На выставку Верещагина Илинский все же поспел. Пошел с сыном Сергеем, гимназистом первого курса третьей петербургской военной гимназии. Долго стояли у картины «Апофеоз войны», на раме которой была вырезана надпись: «Посвящается всем великим завоевателям: прошедшим, настоящим и будущим».

— Ты не жалеешь, что решил стать военным? — спросил у сына Илинский.

— Нет, папа, — ответил Сергей.

Несколько дней спустя Петр Алексеевич узнал, что Верещагин демонстративно сжег три картины туркестанского цикла: «Забытый», «У крепостной стены. Вошли!», «Окружили, преследуют» — и якобы сказал Стасову: «Дал я плюху этим господам».

Медико-хирургическая академия опять бурлила — бунтовали студенты. волнения перекинулись на университет, Технологический и Горный институты. А рядом другое: в Петербурге с блеском гастролировала мадам Жудик в «Буффе». Времени катастрофически не хватало. Ночами Илинский читал «Первобытную культуру» Тейлора и «Исторические письма» Лаврова. В крошечном кабинете выросла пирамида из непрочитанных книг.

14 ноября 1875 года Илинский получил от министерства внутренних дел разрешение на издание газеты. Этому событию предшествовала длинная и нудная бюрократическая переписка. Если бы не деятельная помощь Чистовича, Доброславина и Бородина, вряд ли бы Петр Алексеевич преодолел чиновные барьеры, тем более что газету он задумал безцензурную. Первоначально Илинский предполагал назвать свое издание «Российские врачебные ведомости», но это почему-то не понравилось чиновникам из министерства внутренних дел. Слово «Российские» было жирно вычеркнуто, да и других придирок было немало. Наконец на квартире Доброславина состоялась, как теперь говорят, презентация новой газеты. А попросту вечеринка. Народу пожаловало изрядно. Появился и Руднев с супругой.
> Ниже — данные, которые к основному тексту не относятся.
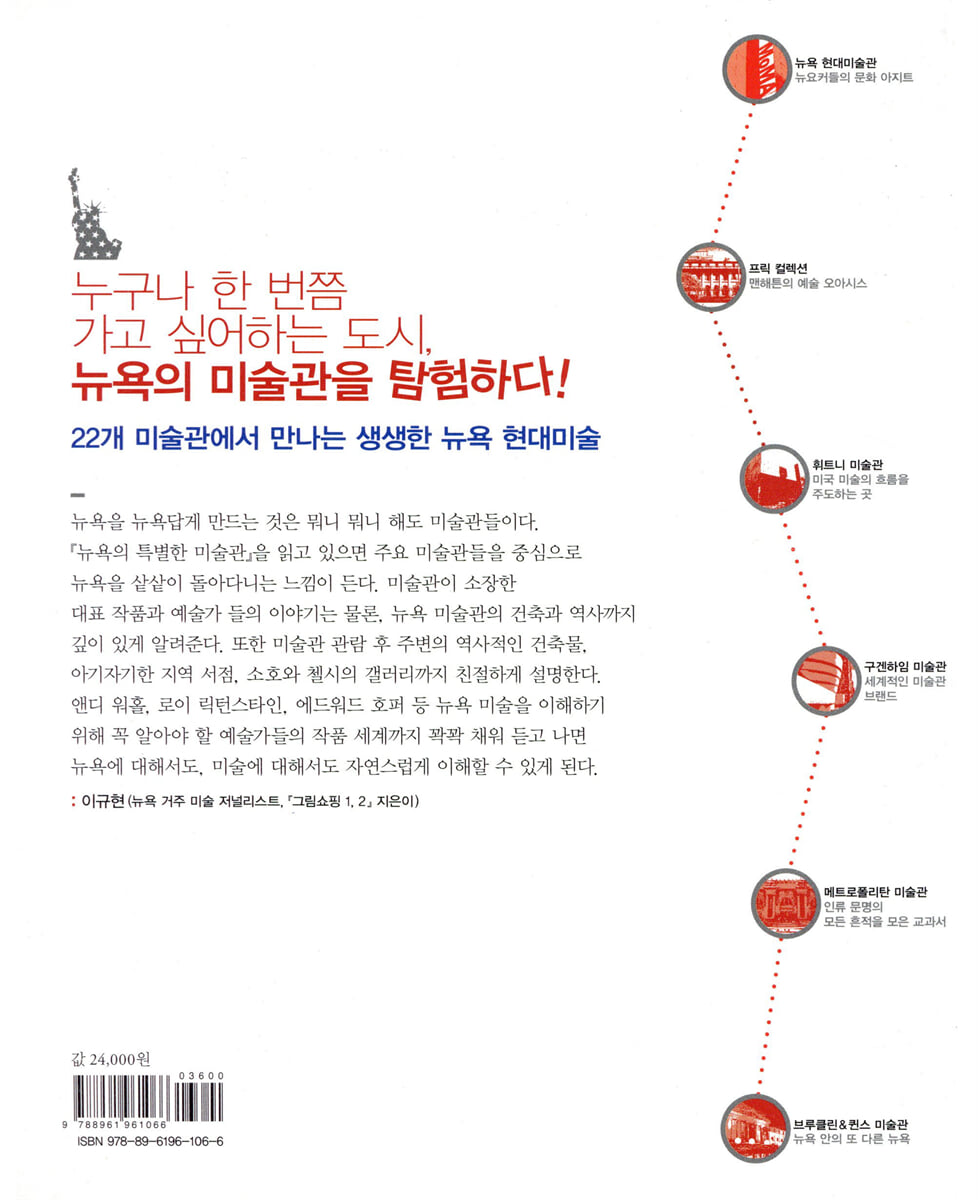 1. 뉴요커들의 문화 아지트 뉴욕 현대미술관 도심 속 예술 놀이터 차별화된 컬렉션을 추구하다 | 혁신적인 시스템 아래서 시도한 실험 | 다니구치 요시오가 재해석한 현대의 개념 | 전시관 변화와 입장료 인상에 대한 논란 | 새로운 형태의 전시로 돌파구를 마련하다 Art Story 01 뉴욕 건축의 입안자_필립 존슨 뉴욕 현대미술관 둘러보기 Art Story 02 현대미술의 아이콘_앤디 워홀 Art Story 03 인상파의 거장_클로드 모네 뉴욕 현대미술관 컬렉션 하이라이트 뉴욕 예술 산책 01 전통을 드러내다_미국 포크아트 박물관 뉴욕 예술 산책 02 소재가 갖는 가치를 발견하다_아트 &디자인 미술관 뉴욕 예술 산책 03 살아 있는 미술관이자 정보센터_록펠러센터 2. 어른들을 위한 맨해튼의 오아시스 프릭 컬렉션 정숙함과 자유스러움이 공존하다 일상의 고요한 순간을 눈부시게 담아낸 페르메이르 | 부에 대한 끝없는 욕망이 자선과 나눔의 경쟁으로 | 맨해튼 한복판의 조용한 사원 | 편안한 작품들로 컬렉션을 일군 프릭 | 대가들의 작품을 수집한 프릭의 의외성 | 아메리칸 드림으로 일군 부를 사회에 환원하다 Art Story 04 한여름 밤의 축제_뉴욕 미술관 페스티벌 프릭 컬렉션 둘러보기 Art Story 05 여체를 사랑한 빛의 화가_피에르-오귀스트 르누아르 프릭 컬렉션 하이라이트 뉴욕 예술 산책 04 혁신적인 디자인의 보고_쿠퍼-휴잇 국립 디자인 미술관 뉴욕 예술 산책 05 뉴요커들의 지식 창고_모건 도서관&미술관 뉴욕 예술 산책 06 맨해튼의 현관_그랜드 센트럴 터미널 뉴욕 예술 산책 07 미국 건축사를 엿볼 수 있는 야외 전시관_매디슨 스퀘어 3. 미국 미술에 대한 끝없는 애정 휘트니 미술관 미국 현대미술의 중심지 미국 미술의 진원지가 된 휘트니 클럽 | 물리적 공간감을 넘어 심리적 공간감까지 | 유럽 예술을 의식하면서 발전한 미국 현대미술 | 조지아 오키프와 에드워드 호퍼, 그리고 알렉산더 콜더 | 다양하게 변화하는 미국 미술 | 폭넓은 스펙트럼 속에 완성된 다양성 Art Story 06 뉴욕에서 미국이라는 세계를 빚어내다_에드워드 호퍼 Art Story 07 만화 기법의 완성_로이 릭턴스타인 휘트니 미술관 둘러보기 휘트니 미술관 컬렉션 하이라이트 뉴욕 예술 산책 08 새로움, 그 이상의 가치_뉴뮤지엄 뉴욕 예술 산책 09 뉴욕 현대미술의 생생한 현장_첼시 갤러리 뉴욕 예술 산책 10 뉴욕에서 책을 만나다_뉴욕 서점 탐방 4. 미술관의 국제화를 지향하다 솔로몬 R. 구겐하임 미술관 논란 속에 성장한 미술관 빌바오에서의 성공으로 국제화를 이루다 | 확고한 비즈니스 마인드로 성공시킨 전시 | 크렌스의 전격 은퇴 | 미술관 건축의 혁명을 가져온 라이트의 혁신성 | 형식과 기능을 분리하지 않아야 한다 | 창의적 접근으로 완성시킨 화제의 전시들 | 변화하는 환경 속에 새로운 발전상을 모색하다 Art Story 08 동성애라는 금기에 도전하다_로버트 메이플소프 Art Story 09 구겐하임의 성장을 이끌다_바실리 칸딘스키 구겐하임 미술관 둘러보기 솔로몬 R. 구겐하임 미술관 컬렉션 하이라이트 뉴욕 예술 산책 11 독일과 오스트리아 미술의 거점_노이에 갤러리 뉴욕 예술 산책 12 다채로운 캐러비언 예술을 만나다_엘 무세오 델 바리오 뉴욕 예술 산책 13 유대인 역사의 보고_유대인 미술관 뉴욕 예술 산책 14 메이드 인 할렘, 메이드 바이 블랙_할렘 스튜디오 미술관 5. 인류 문명사의 모든 기억을 한 자리에 메트로폴리탄 미술관 예술학 연구와 미술교육 기반을 제공하다 확고한 리더십 위에 완성된 발전안 | 아시아 예술관으로 재확인된 부단한 확장 노력 | 다양한 컬렉션으로 만들어진 특별함 | 대형 전시 기획과 현대미술 컬렉션의 강화 | 패션?사진?설치 예술로 구체화된 컨템퍼러리 관 | 유물반환을 더 나은 국제 교류의 초석으로 삼다 | 양질의 교육 시설과 다양한 공공 프로그램 메트로폴리탄 미술관 둘러보기 Art Story 10 메트로폴리탄 미술관의 최대 후견인_록펠러 일가와 월터 아넨버그 부부 메트로폴리탄 미술관 컬렉션 하이라이트 뉴욕 예술 산책 15 중세 유럽으로 가는 타임머신_클로이스터스 뉴욕 예술 산책 16 뉴욕의 과거를 찾아가는 타임머신_뉴욕 시 박물관 6. 뉴욕 안의 또 다른 뉴욕 브루클린과 퀸스 미술관 미국의 속살을 들여다보다 브루클린 미술관 브루클린 미술관 들여다보기 아프리카ㆍ미국ㆍ아시아 예술관 | 고대 이집트ㆍ유럽ㆍ미국 예술관 에스닉 문화를 즐기다 퀸스 미술관 뉴욕 예술 산책 17 자연스러움이 두드러진 동서양의 교차점_노구치 미술관 뉴욕 예술 산책 18 미국 영상 산업의 보고_무빙 이미지 미술관 뉴욕 예술 산책 19 현대미술의 시험장_PS1 뉴욕 예술 산책 20 다리와 예술이 만나는 곳_브루클린 브리지 부록 간략하게 읽는 뉴욕 예술 70년 400 |

На Кашеваровой было подчеркнуто строгое платье, она была очень бледна. Сказала Илинскому:

— Поздравляю, Петр Алексеевич. Убеждена, что газета получится интересной и нужной. Закончу докторскую диссертацию и покорнейше прошу принять меня в число авторов.

— Спасибо, буду рад. Как продвигается работа?

— В начале следующего года полагаю представить диссертацию к защите. Рецензентом у меня профессор Склифосовский. Конечно, есть замечания. Николай Васильевич очень строг, иногда отчаяние охватывает. Может, наука и в самом деле не для женщин?

— Шутить изволите, Варвара Александровна?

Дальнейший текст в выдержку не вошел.